* **Task requirements**: Copying rule for the data below: pictures stay out, and only the lines from the one with "A gata sofreu" down to the one with "A man in a black", inclusive, are repeated exactly.

* **Data for processing**:
%%

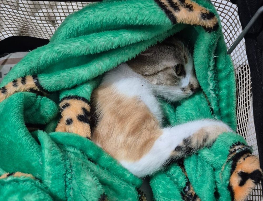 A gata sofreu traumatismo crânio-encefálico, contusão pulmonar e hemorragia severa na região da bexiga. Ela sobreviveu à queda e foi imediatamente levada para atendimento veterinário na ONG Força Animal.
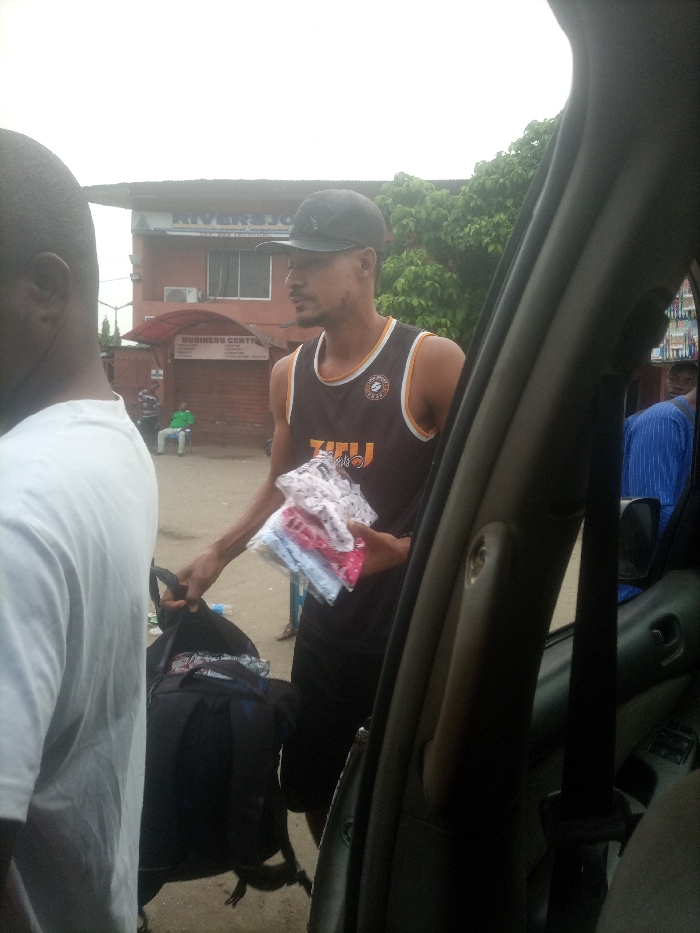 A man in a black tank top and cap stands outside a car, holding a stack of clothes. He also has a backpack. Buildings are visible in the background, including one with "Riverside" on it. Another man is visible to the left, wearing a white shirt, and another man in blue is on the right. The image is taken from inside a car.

%%
%%

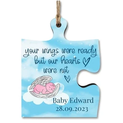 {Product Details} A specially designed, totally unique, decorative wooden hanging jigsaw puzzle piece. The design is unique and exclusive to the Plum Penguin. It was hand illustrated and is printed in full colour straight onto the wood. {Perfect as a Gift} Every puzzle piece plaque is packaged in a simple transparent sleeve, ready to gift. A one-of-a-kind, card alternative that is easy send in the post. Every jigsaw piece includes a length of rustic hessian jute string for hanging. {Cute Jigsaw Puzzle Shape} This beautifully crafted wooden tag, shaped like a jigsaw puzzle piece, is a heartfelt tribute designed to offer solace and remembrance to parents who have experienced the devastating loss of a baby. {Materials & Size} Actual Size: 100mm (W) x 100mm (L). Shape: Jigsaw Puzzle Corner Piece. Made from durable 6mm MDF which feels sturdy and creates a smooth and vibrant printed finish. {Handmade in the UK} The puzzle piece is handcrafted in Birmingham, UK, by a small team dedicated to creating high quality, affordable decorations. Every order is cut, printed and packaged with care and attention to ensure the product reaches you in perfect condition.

%%

* **Written solution**:
 A gata sofreu traumatismo crânio-encefálico, contusão pulmonar e hemorragia severa na região da bexiga. Ela sobreviveu à queda e foi imediatamente levada para atendimento veterinário na ONG Força Animal.
 A man in a black tank top and cap stands outside a car, holding a stack of clothes. He also has a backpack. Buildings are visible in the background, including one with "Riverside" on it. Another man is visible to the left, wearing a white shirt, and another man in blue is on the right. The image is taken from inside a car.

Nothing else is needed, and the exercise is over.